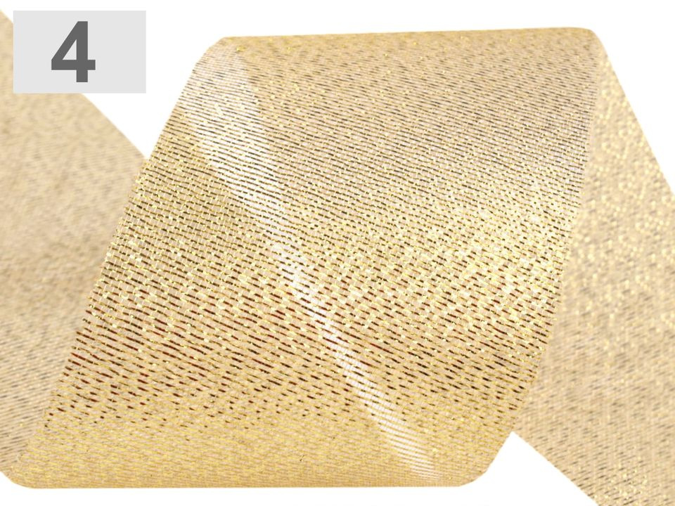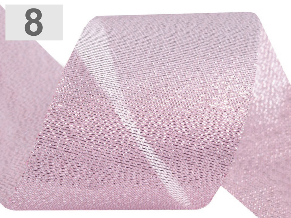 Luxusní stuha je protkaná třpytivým lurexem. Díky své pevnosti drží tvar a je lehce průsvitná.
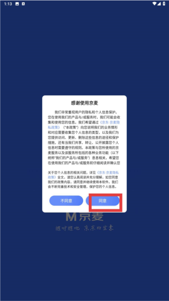 1、打开软件后,会显示服务协议,阅读完毕后点击同意并继续下一步。
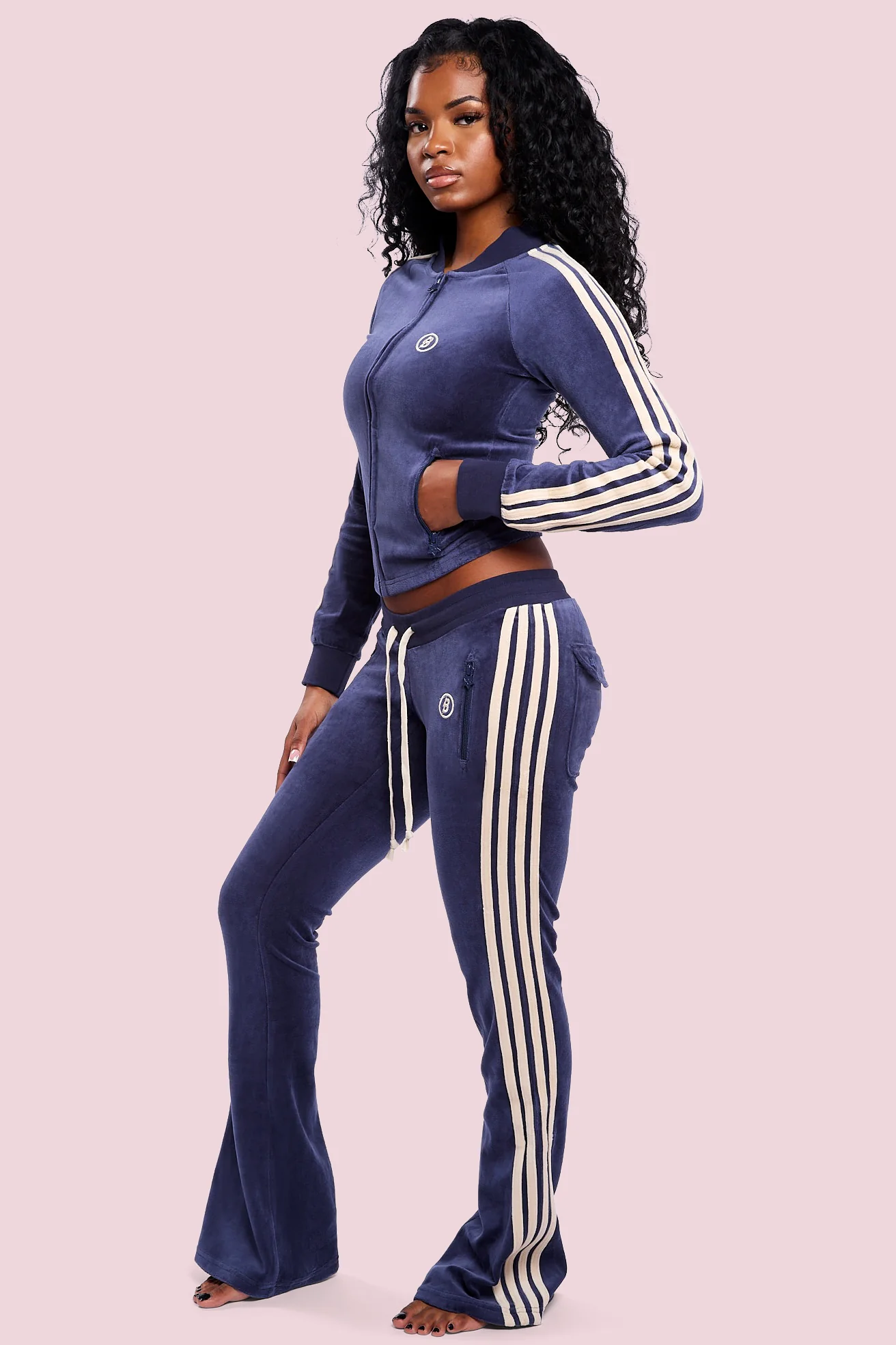 Finished with an athletic stripe design, custom seamless B-logo star zipper, and our iconic Body B logos on the hip for that elevated BODY touch. These pants are tall-girl friendly, designed to fit beautifully across multiple sizes and body types.
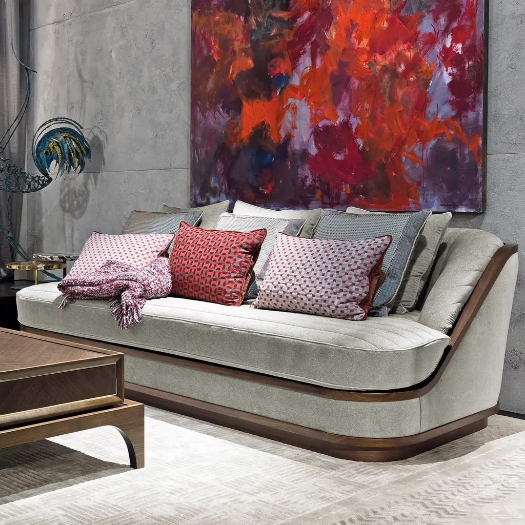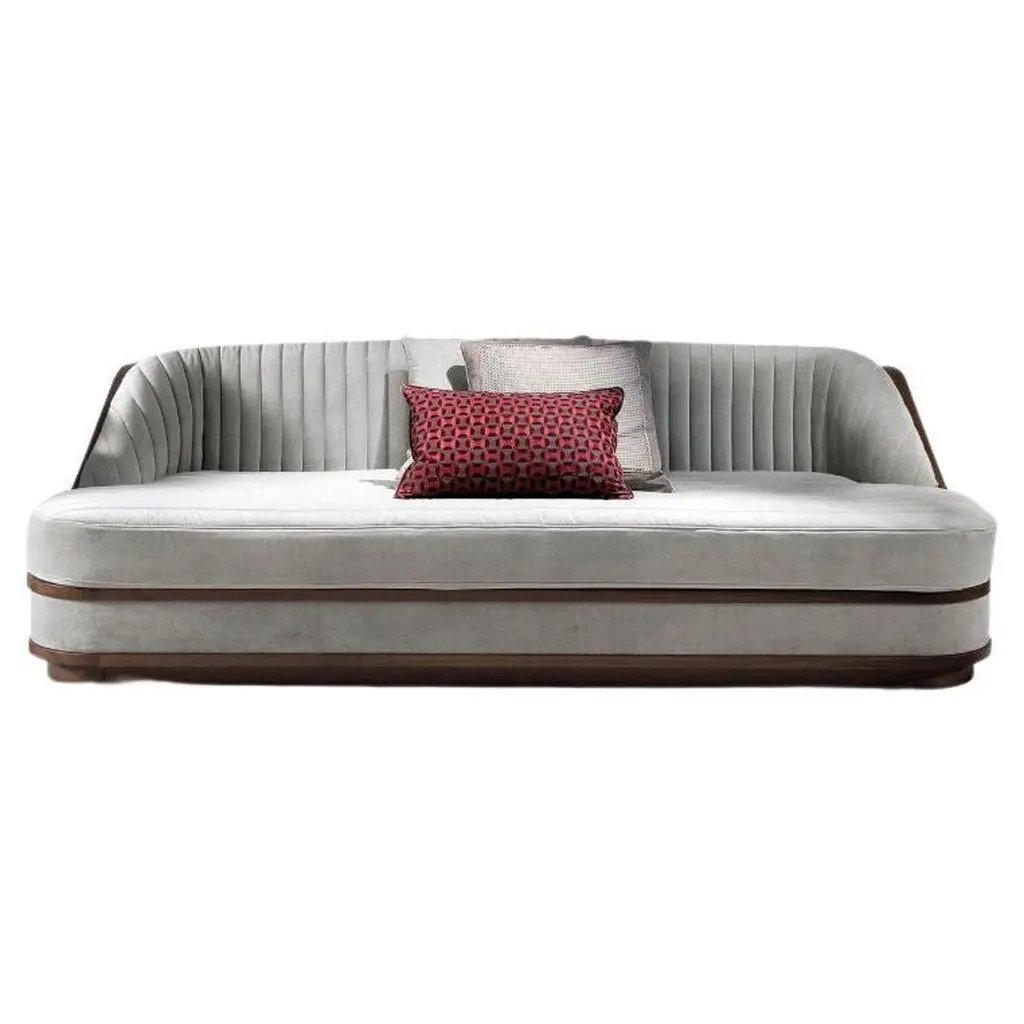 A refined design to make a stately and iconic accent in a modern style interior, this three-seat sofa features a clean and inviting silhouette. Boasting a precious Canaletto walnut frame, it is distinguished by a gray velvet upholstery, elegantly quilted on the backrest. It includes three cushions, please ask the Concierge for details.
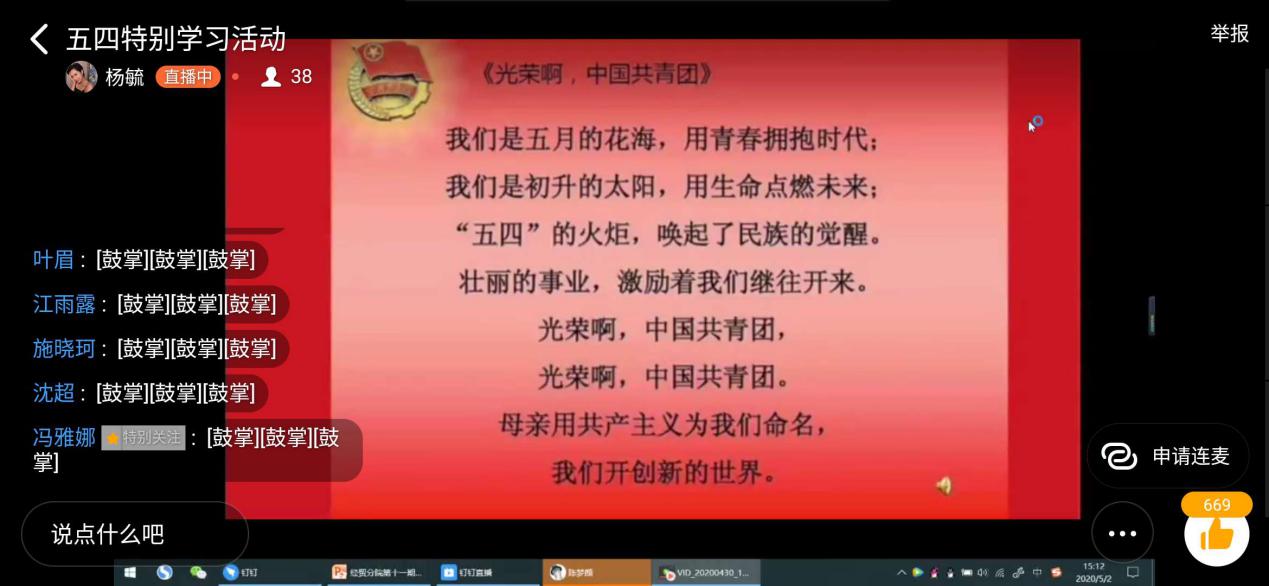 5月2日14:30,经济与贸易分院学习会以“五四精神传薪火,激扬青春献祖国”为主题的学习会“云”课堂暨第十一期集中学习如期在钉钉群里展开,经贸分院党总支书记张勰老师以及学习会35位成员参加了本次会议。
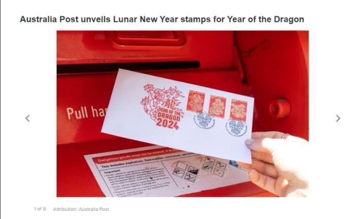 圖片澳大利亞郵政近日推出了龍年特別版中國春節(jié)郵票。圖為澳大利亞第九新聞網(wǎng)站截圖
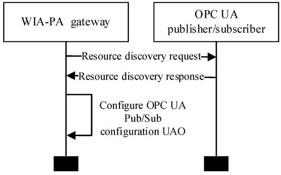After resource discovery, the discovered OPC UA pub/sub data source should undergo resource mapping. This process entails mapping the OPC UA publisher/subscriber information model to a pub/sub configuration UAO, which is in the WIA-PA gateway. Each OPC UA pub/sub configuration UAO corresponds to a publisher/subscriber. Therefore, through the WIA-PA protocol, the WIA-PA field devices can directly address the desired OPC UA data source.

************

• [WHAT IS EXPECTED] Line for line, restate the data above and omit every picture.

• [ANSWER BOX]
 Luxusní stuha je protkaná třpytivým lurexem. Díky své pevnosti drží tvar a je lehce průsvitná.
 1、打开软件后,会显示服务协议,阅读完毕后点击同意并继续下一步。
 Finished with an athletic stripe design, custom seamless B-logo star zipper, and our iconic Body B logos on the hip for that elevated BODY touch. These pants are tall-girl friendly, designed to fit beautifully across multiple sizes and body types.
 A refined design to make a stately and iconic accent in a modern style interior, this three-seat sofa features a clean and inviting silhouette. Boasting a precious Canaletto walnut frame, it is distinguished by a gray velvet upholstery, elegantly quilted on the backrest. It includes three cushions, please ask the Concierge for details.
 5月2日14:30,经济与贸易分院学习会以“五四精神传薪火,激扬青春献祖国”为主题的学习会“云”课堂暨第十一期集中学习如期在钉钉群里展开,经贸分院党总支书记张勰老师以及学习会35位成员参加了本次会议。
 圖片澳大利亞郵政近日推出了龍年特別版中國春節(jié)郵票。圖為澳大利亞第九新聞網(wǎng)站截圖
After resource discovery, the discovered OPC UA pub/sub data source should undergo resource mapping. This process entails mapping the OPC UA publisher/subscriber information model to a pub/sub configuration UAO, which is in the WIA-PA gateway. Each OPC UA pub/sub configuration UAO corresponds to a publisher/subscriber. Therefore, through the WIA-PA protocol, the WIA-PA field devices can directly address the desired OPC UA data source.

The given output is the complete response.